→ Your goal
Reproduce, word for word, the lines in the material below starting with the one that has "BBQ/ Grill, Ballon" and going on through the one that has "STAYER ProStabil 1000". Leave out all pictures.

→ Task data
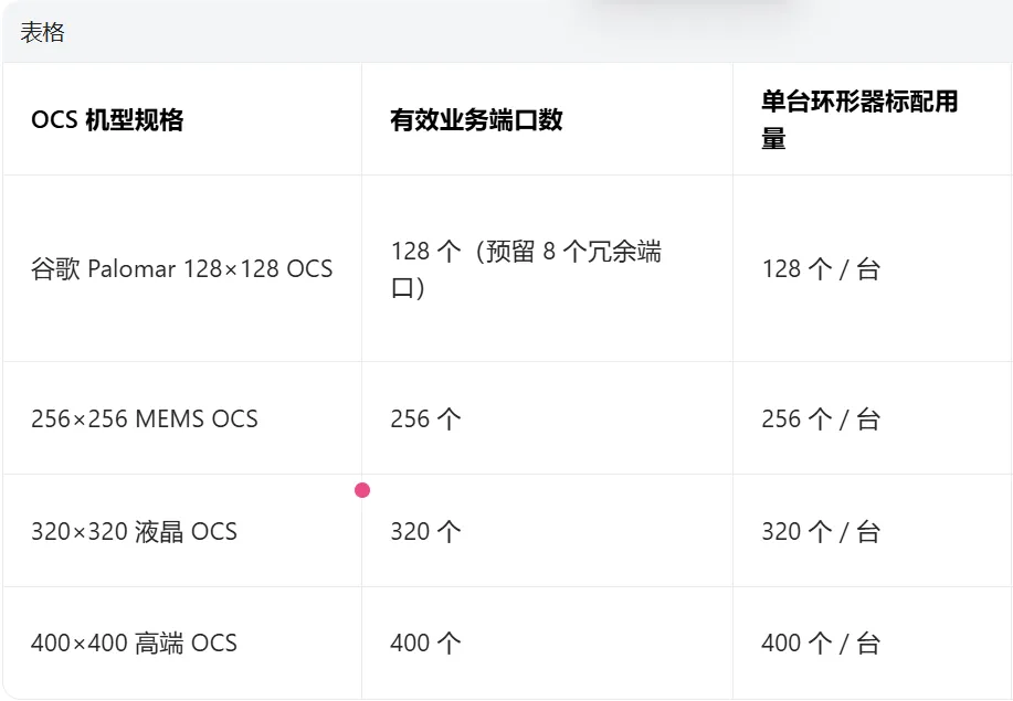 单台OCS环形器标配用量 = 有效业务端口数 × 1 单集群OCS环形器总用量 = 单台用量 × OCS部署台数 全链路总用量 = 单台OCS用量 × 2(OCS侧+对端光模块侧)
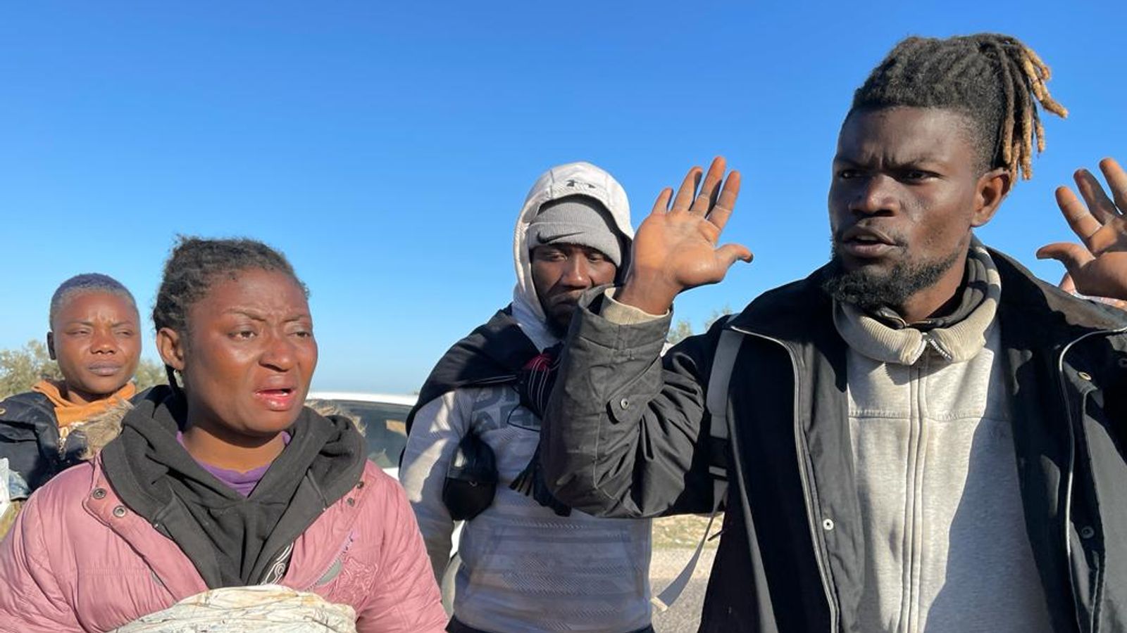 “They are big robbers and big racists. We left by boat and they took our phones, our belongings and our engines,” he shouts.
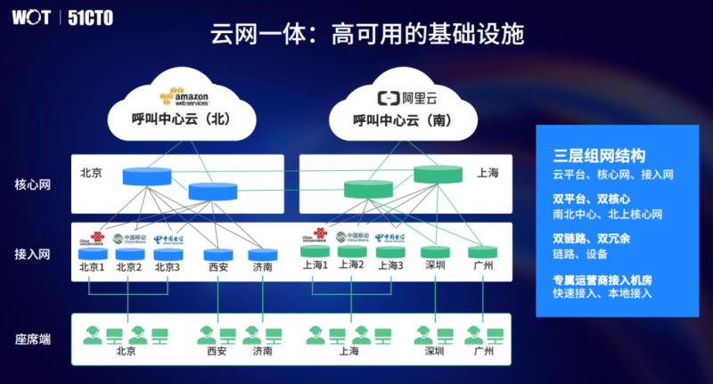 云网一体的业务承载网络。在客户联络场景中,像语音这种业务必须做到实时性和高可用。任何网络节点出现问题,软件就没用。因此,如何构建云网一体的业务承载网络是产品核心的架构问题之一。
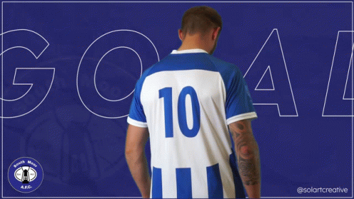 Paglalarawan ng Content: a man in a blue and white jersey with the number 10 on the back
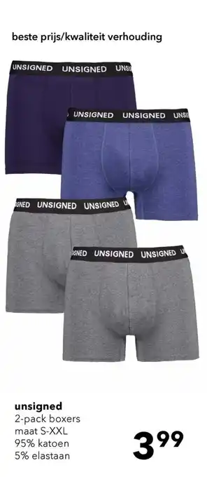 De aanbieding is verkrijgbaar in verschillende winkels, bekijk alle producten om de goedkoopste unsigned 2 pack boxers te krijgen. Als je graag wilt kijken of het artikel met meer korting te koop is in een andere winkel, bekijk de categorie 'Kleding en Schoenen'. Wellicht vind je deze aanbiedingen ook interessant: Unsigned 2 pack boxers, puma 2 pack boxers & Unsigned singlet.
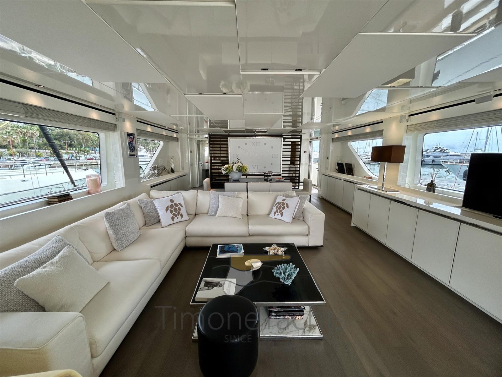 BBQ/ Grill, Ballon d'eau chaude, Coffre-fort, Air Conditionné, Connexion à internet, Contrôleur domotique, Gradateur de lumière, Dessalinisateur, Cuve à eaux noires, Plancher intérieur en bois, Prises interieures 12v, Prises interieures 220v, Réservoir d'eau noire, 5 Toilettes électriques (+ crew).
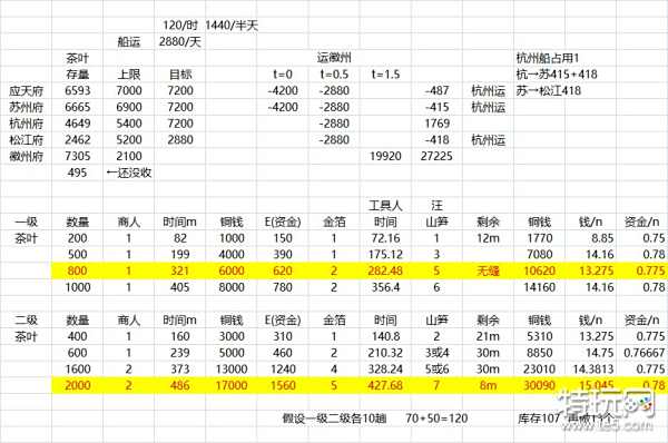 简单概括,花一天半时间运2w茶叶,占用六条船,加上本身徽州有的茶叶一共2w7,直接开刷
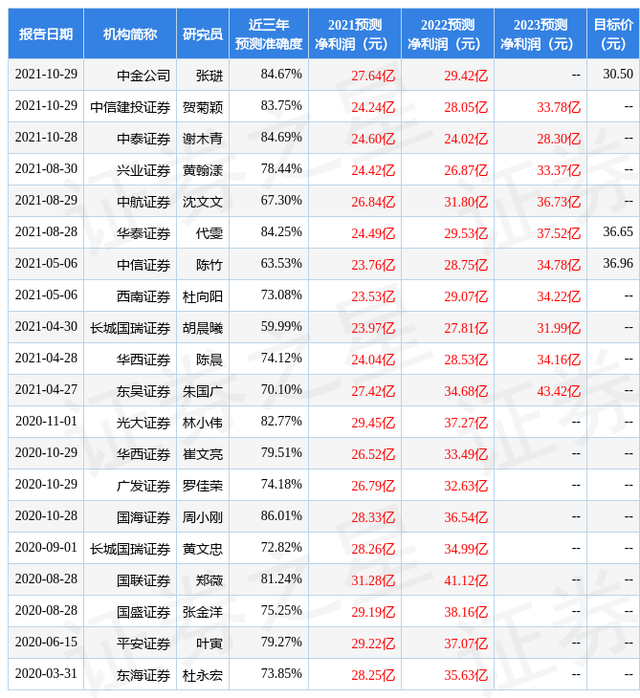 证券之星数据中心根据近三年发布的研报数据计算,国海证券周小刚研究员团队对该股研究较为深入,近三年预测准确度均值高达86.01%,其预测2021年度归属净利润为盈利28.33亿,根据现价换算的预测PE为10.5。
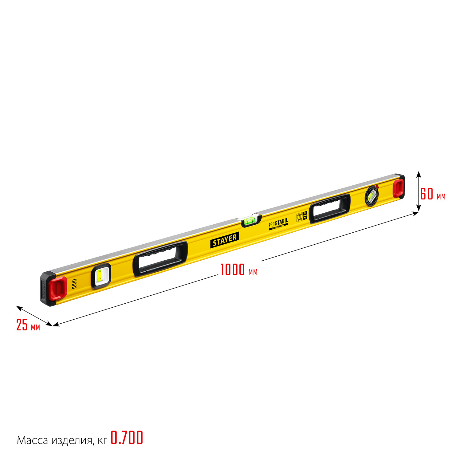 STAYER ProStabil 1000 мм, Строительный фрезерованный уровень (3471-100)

...

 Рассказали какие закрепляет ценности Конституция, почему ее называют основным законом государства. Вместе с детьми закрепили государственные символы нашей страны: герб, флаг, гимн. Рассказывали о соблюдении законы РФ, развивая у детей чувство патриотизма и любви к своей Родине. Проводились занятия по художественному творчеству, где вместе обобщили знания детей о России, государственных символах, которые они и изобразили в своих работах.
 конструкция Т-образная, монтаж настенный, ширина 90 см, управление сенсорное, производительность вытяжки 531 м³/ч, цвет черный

...

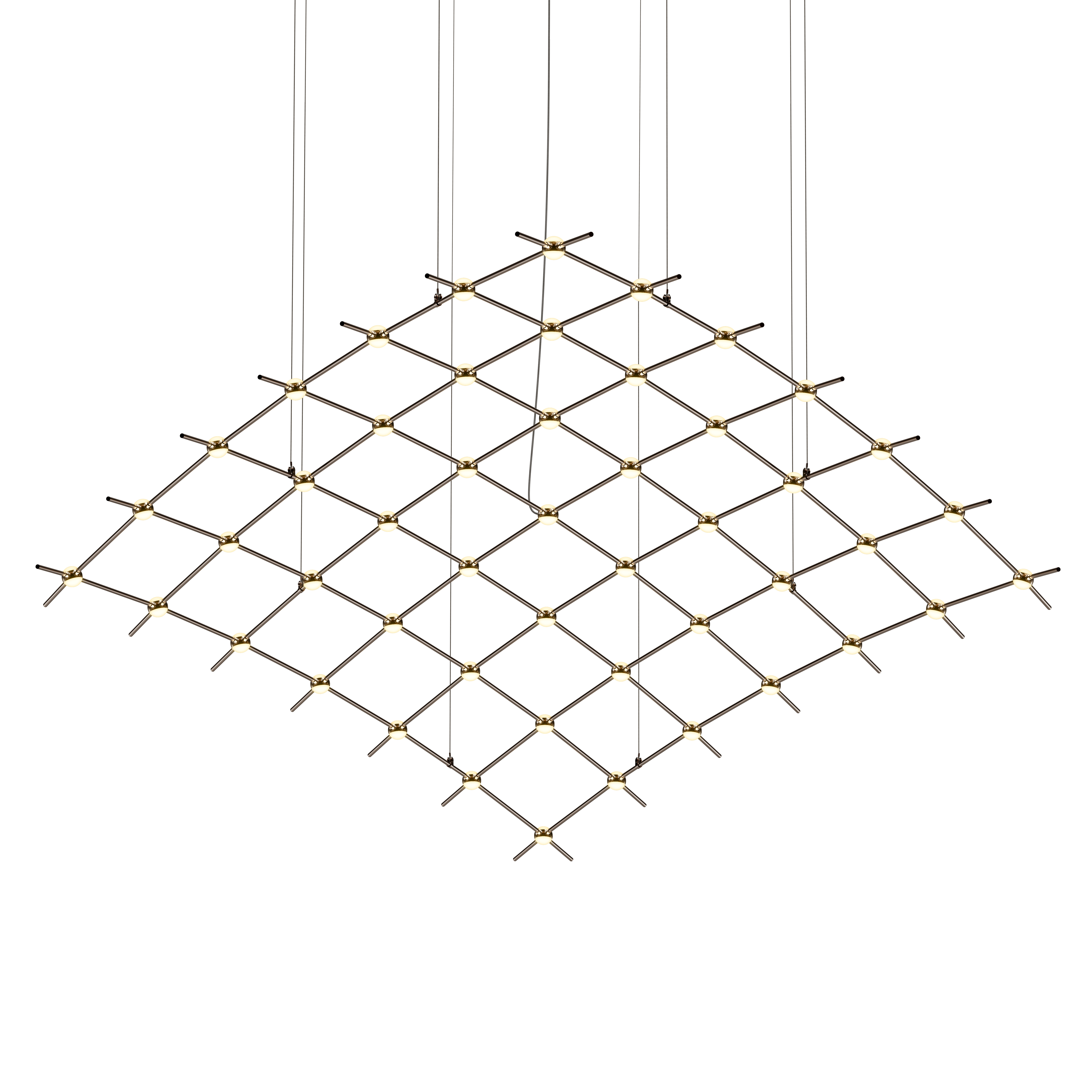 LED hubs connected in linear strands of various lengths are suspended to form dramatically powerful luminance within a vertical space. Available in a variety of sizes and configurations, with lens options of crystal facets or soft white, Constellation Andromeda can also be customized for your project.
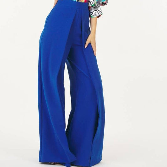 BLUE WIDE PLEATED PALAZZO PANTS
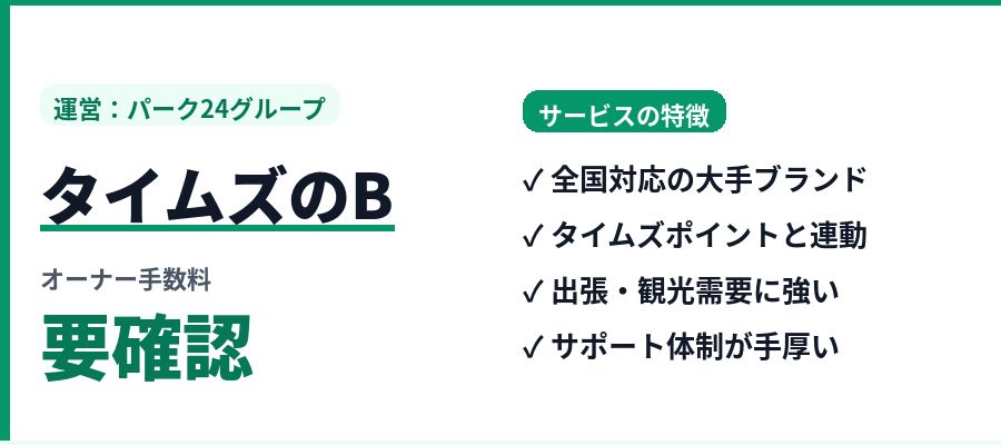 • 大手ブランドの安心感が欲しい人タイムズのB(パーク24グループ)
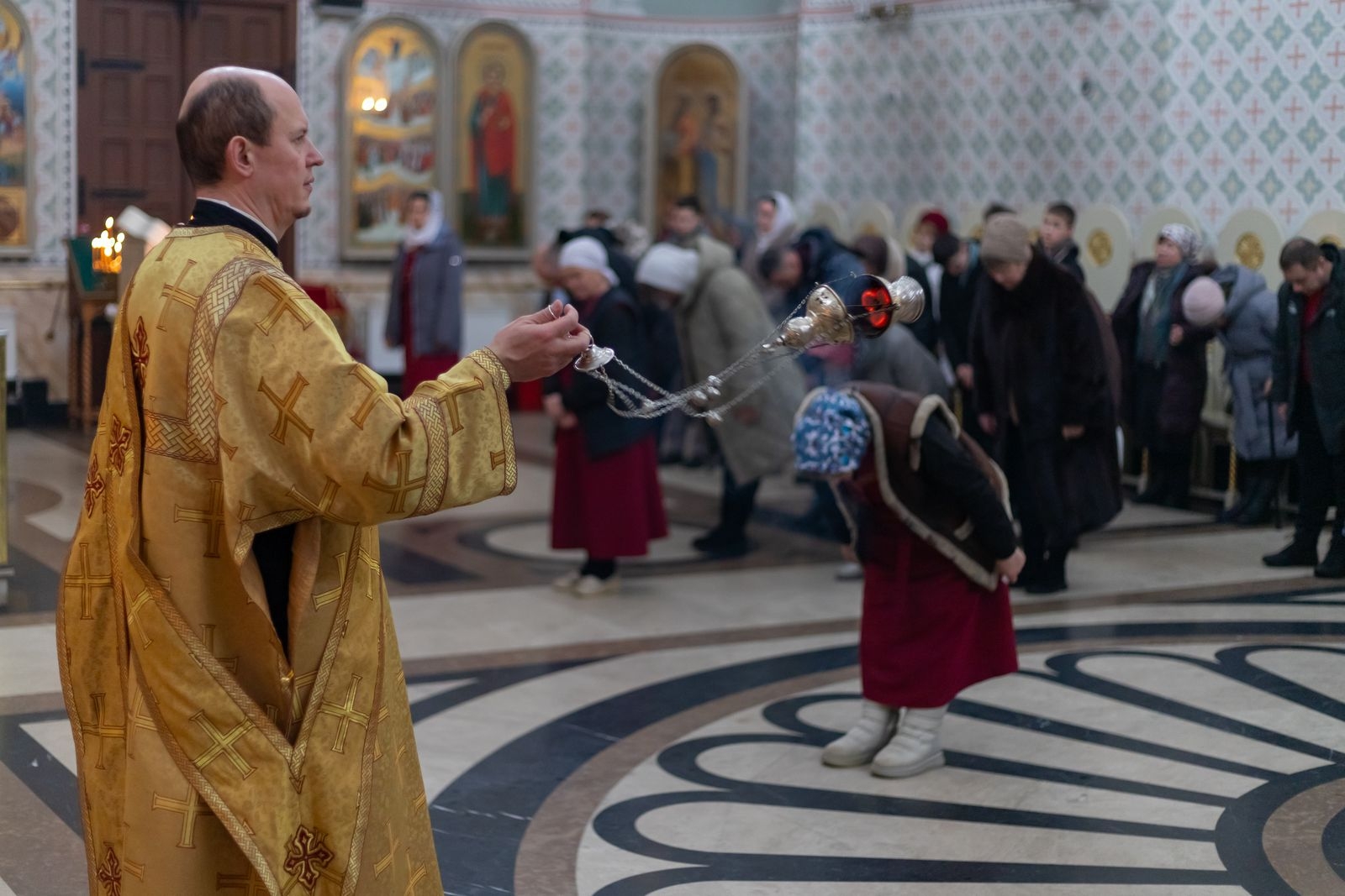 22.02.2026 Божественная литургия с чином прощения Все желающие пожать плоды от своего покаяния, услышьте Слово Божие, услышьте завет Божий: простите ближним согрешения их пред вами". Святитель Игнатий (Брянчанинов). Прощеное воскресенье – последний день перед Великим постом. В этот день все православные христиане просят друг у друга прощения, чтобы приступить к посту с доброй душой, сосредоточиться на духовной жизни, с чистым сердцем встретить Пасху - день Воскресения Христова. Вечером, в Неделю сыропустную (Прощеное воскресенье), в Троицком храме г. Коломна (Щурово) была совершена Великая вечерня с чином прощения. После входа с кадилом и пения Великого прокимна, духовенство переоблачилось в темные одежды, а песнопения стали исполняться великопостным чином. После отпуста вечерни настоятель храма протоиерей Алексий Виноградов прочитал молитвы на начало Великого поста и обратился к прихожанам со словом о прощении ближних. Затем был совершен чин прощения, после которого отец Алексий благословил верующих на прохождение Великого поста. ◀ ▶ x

→ Exercise output
 BBQ/ Grill, Ballon d'eau chaude, Coffre-fort, Air Conditionné, Connexion à internet, Contrôleur domotique, Gradateur de lumière, Dessalinisateur, Cuve à eaux noires, Plancher intérieur en bois, Prises interieures 12v, Prises interieures 220v, Réservoir d'eau noire, 5 Toilettes électriques (+ crew).
 简单概括,花一天半时间运2w茶叶,占用六条船,加上本身徽州有的茶叶一共2w7,直接开刷
 证券之星数据中心根据近三年发布的研报数据计算,国海证券周小刚研究员团队对该股研究较为深入,近三年预测准确度均值高达86.01%,其预测2021年度归属净利润为盈利28.33亿,根据现价换算的预测PE为10.5。
 STAYER ProStabil 1000 мм, Строительный фрезерованный уровень (3471-100)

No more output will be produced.